Fed. R. Evid. 702. “To qualify as an expert, ‘the witness must have such knowledge or experience in [his] field or calling as to make it appear that his opinion or inference will probably aid the trier in his search for truth.’” United States v. Hicks, 389 F.3d 514, 524 (5th Cir. 2004) (quoting United States v. Bourgeois, 950 F.2d 980, 987 (5th Cir. 1992)); see Kumho Tire Co., Ltd. v. Carmichael, 526 U.S. 137, 147 (1999) (discussing witnesses whose expertise is based purely on experience). “A district court should refuse to allow an expert witness to testify if it finds that the witness is not qualified to testify in a particular field or on a given subject.” Huss v. Gayden, 571 F.3d 442, 452 (5th Cir. 2009) (quoting Wilson v. Woods, 163 F.3d 935, 937 (5th Cir. 1999)). However, “Rule 702 does not mandate that an expert be highly qualified in order to testify about a given issue.” Id. “Differences in expertise bear chiefly on the weight to be assigned

to the testimony by the trier of fact, not its admissibility.” Id.; see also Daubert, 509 U.S. at 596. Daubert “provides the analytical framework for determining whether expert testimony is admissible under Rule 702.” Pipitone v. Biomatrix, Inc., 288 F.3d 239, 243 (5th Cir. 2002). Both scientific and nonscientific expert testimony is subject to the Daubert framework, which requires a trial court to conduct a preliminary

assessment to “determine whether the expert testimony is both reliable and relevant.” Burleson v. Tex. Dep’t of Criminal Justice, 393 F.3d 577, 584 (5th Cir. 2004); see also Kumho Tire, 526 U.S. at 147. “[T]he expert’s testimony must be reliable at each and every step or else it is inadmissible.” Knight v. Kirby Inland Marine Inc., 482 F.3d 347, 355 (5th Cir. 2007). All aspects of an expert’s testimony are subject to the reliability analysis, including the methodology, the facts underlying the expert’s opinion, and the link between the

facts and the conclusion. Id. The court may use a number of nonexclusive factors to evaluate the reliability of expert testimony, including: (1) whether the technique has been tested, (2) whether the technique has been subjected to peer review and publication, (3) the technique’s potential error rate, (4) the existence and maintenance of standards controlling the technique’s operation, and (5) whether the technique is generally accepted in the relevant scientific community. Curtis v. M&S Petroleum, Inc., 174 F.3d 661, 669 (5th Cir. 1999) (citing Daubert, 509 U.S. at 593– 94). The reliability inquiry must remain flexible, however, as “not every Daubert factor will be applicable in every situation; and a court has discretion to consider

other factors it deems relevant.” Guy v. Crown Equip. Corp., 394 F.3d 320, 325 (5th Cir. 2004); see also Munoz v. Orr, 200 F.3d 291, 301 (5th Cir. 2000) (“Both the determination of reliability itself and the factors taken into account are left to the discretion of the district court consistent with its gatekeeping function under [Rule] 702.”). With respect to determining the relevancy of an expert’s testimony pursuant

to Rule 702 and Daubert, the proposed testimony must be relevant “not simply in the way all testimony must be relevant [pursuant to Federal Rule of Evidence 402], but also in the sense that the expert’s proposed opinion would assist the trier of fact to understand or determine a fact in issue.” Bocanegra v. Vicmar Servs., Inc., 320 F.3d 581, 584 (5th Cir. 2003). There is no more certain test for determining when experts may be used than the common sense inquiry whether the untrained layman would be qualified to determine intelligently and to the best degree the particular issue without enlightenment from those having a specialized understanding of the subject involved in the dispute.

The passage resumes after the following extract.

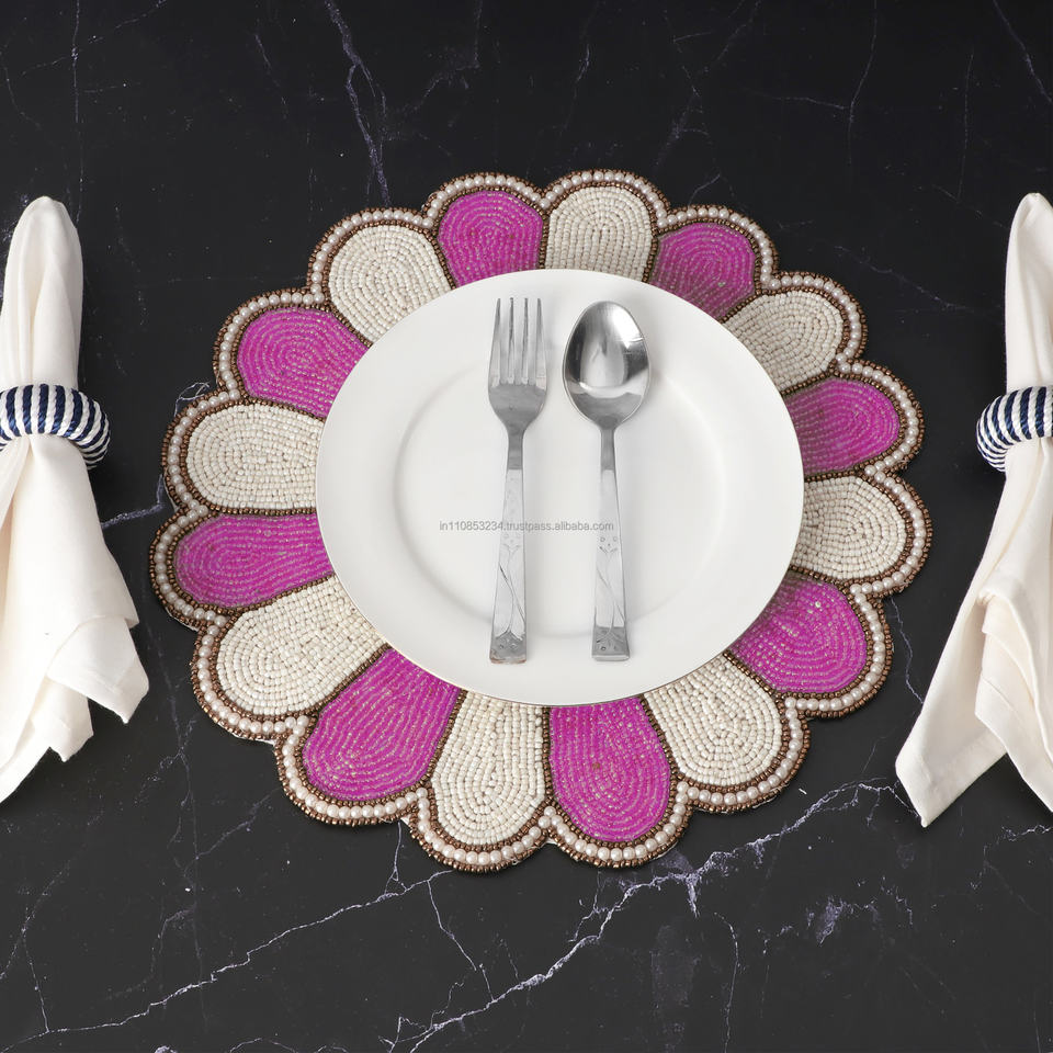 El mejor diseño temático, vajilla redondeada, mantel decorativo con cuentas de vidrio, Mantel Individual para fiestas y otras funciones

Vogler v. Blackmore, 352 F.3d 150, 156 n.5 (5th Cir. 2003) (quoting Fed. R. Evid. 702 advisory committee’s note). In other words, expert testimony is wholly unnecessary where a jury can “adeptly assess this situation using only their common experience and knowledge.” Peters v. Five Star Marine Serv., 898 F.2d 448, 449 (5th Cir. 1990).